Work request:
Would you copy exactly the lines in the data below from the one that has "Una festiva ráfaga" through the one that has "Наконец, 25 января", dropping any pictures?

Raw data:

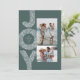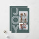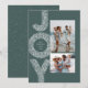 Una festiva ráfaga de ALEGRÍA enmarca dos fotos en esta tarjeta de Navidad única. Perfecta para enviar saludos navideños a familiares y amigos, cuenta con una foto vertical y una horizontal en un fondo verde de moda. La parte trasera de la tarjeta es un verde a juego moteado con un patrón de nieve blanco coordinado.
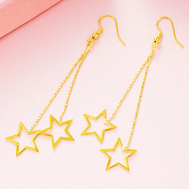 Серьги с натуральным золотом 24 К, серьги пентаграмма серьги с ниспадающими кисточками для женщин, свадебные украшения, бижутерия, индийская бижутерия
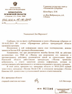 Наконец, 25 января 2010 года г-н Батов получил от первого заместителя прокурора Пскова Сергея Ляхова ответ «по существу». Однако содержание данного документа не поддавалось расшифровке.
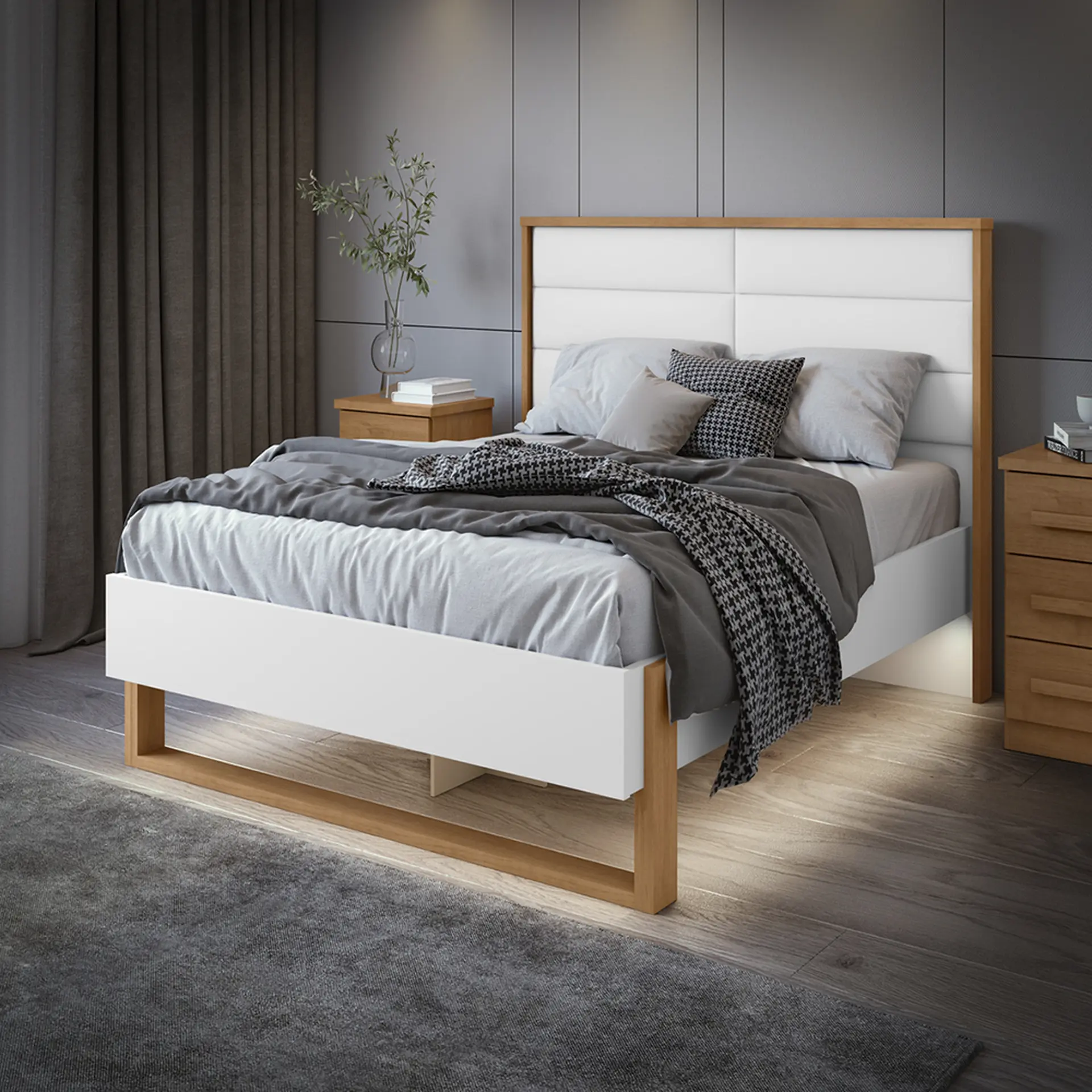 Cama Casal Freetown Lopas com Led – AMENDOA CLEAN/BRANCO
---
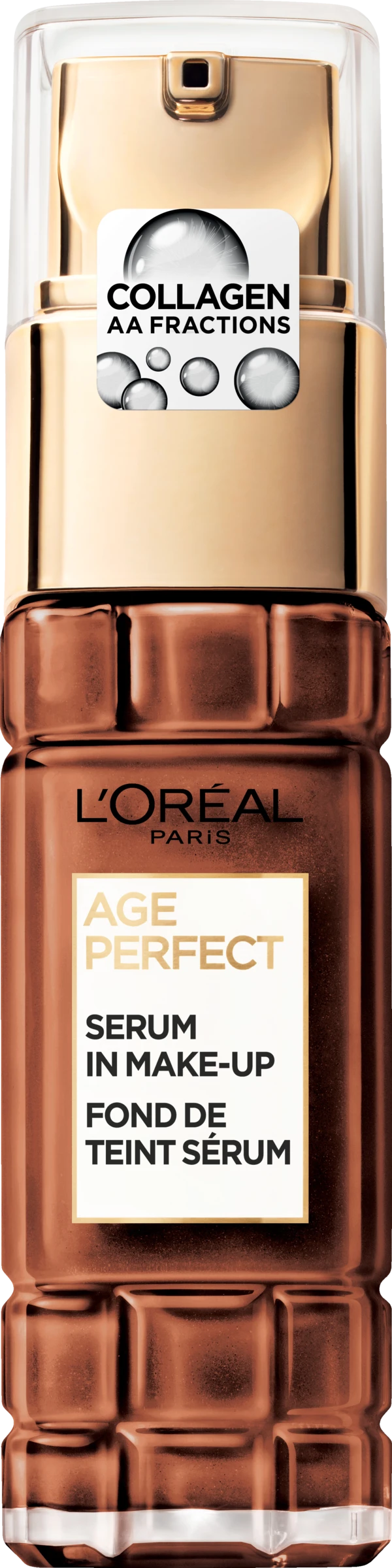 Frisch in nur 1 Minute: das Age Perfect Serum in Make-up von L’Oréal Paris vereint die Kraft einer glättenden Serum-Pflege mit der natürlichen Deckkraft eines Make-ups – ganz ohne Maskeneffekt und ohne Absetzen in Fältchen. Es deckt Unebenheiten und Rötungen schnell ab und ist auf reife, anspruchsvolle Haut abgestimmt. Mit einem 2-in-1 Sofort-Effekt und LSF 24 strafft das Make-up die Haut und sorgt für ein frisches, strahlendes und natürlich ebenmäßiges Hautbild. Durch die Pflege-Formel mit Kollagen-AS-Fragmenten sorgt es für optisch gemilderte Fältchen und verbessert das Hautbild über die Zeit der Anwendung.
...
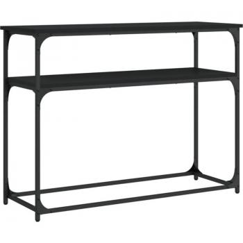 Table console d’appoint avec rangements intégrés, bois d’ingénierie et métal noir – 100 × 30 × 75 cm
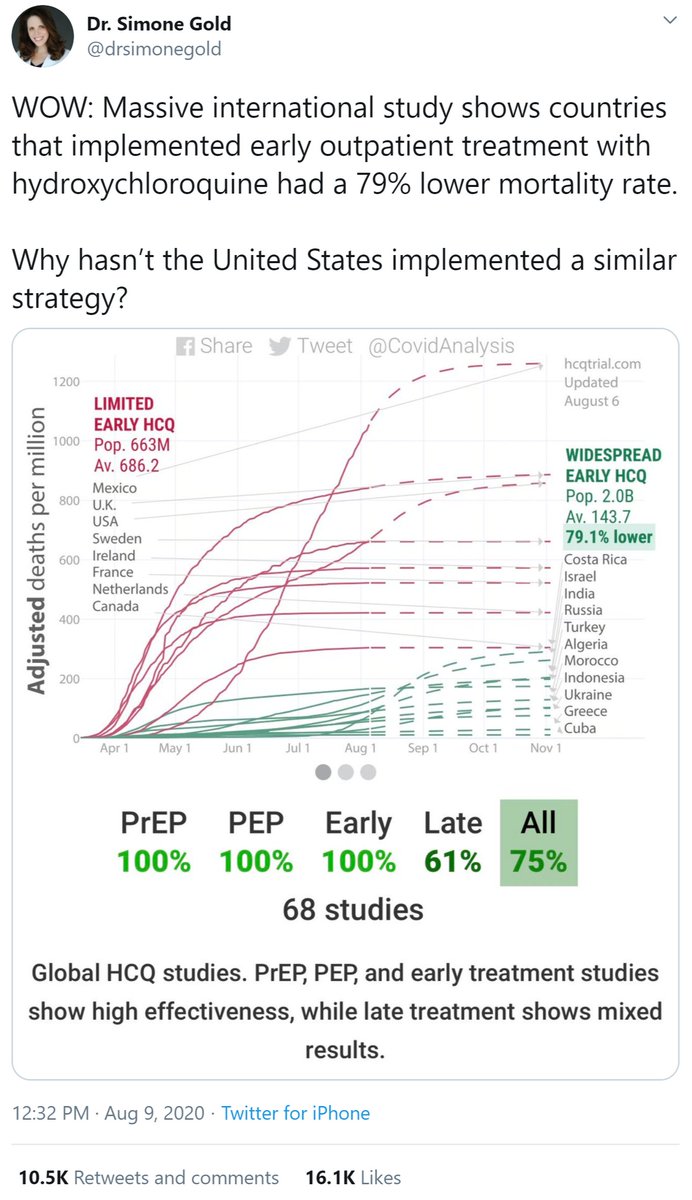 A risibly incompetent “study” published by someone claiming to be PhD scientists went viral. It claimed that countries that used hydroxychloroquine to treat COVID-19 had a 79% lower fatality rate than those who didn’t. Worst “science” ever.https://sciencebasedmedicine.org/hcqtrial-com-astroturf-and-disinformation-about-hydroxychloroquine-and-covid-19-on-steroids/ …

Result:
 Una festiva ráfaga de ALEGRÍA enmarca dos fotos en esta tarjeta de Navidad única. Perfecta para enviar saludos navideños a familiares y amigos, cuenta con una foto vertical y una horizontal en un fondo verde de moda. La parte trasera de la tarjeta es un verde a juego moteado con un patrón de nieve blanco coordinado.
 Серьги с натуральным золотом 24 К, серьги пентаграмма серьги с ниспадающими кисточками для женщин, свадебные украшения, бижутерия, индийская бижутерия
 Наконец, 25 января 2010 года г-н Батов получил от первого заместителя прокурора Пскова Сергея Ляхова ответ «по существу». Однако содержание данного документа не поддавалось расшифровке.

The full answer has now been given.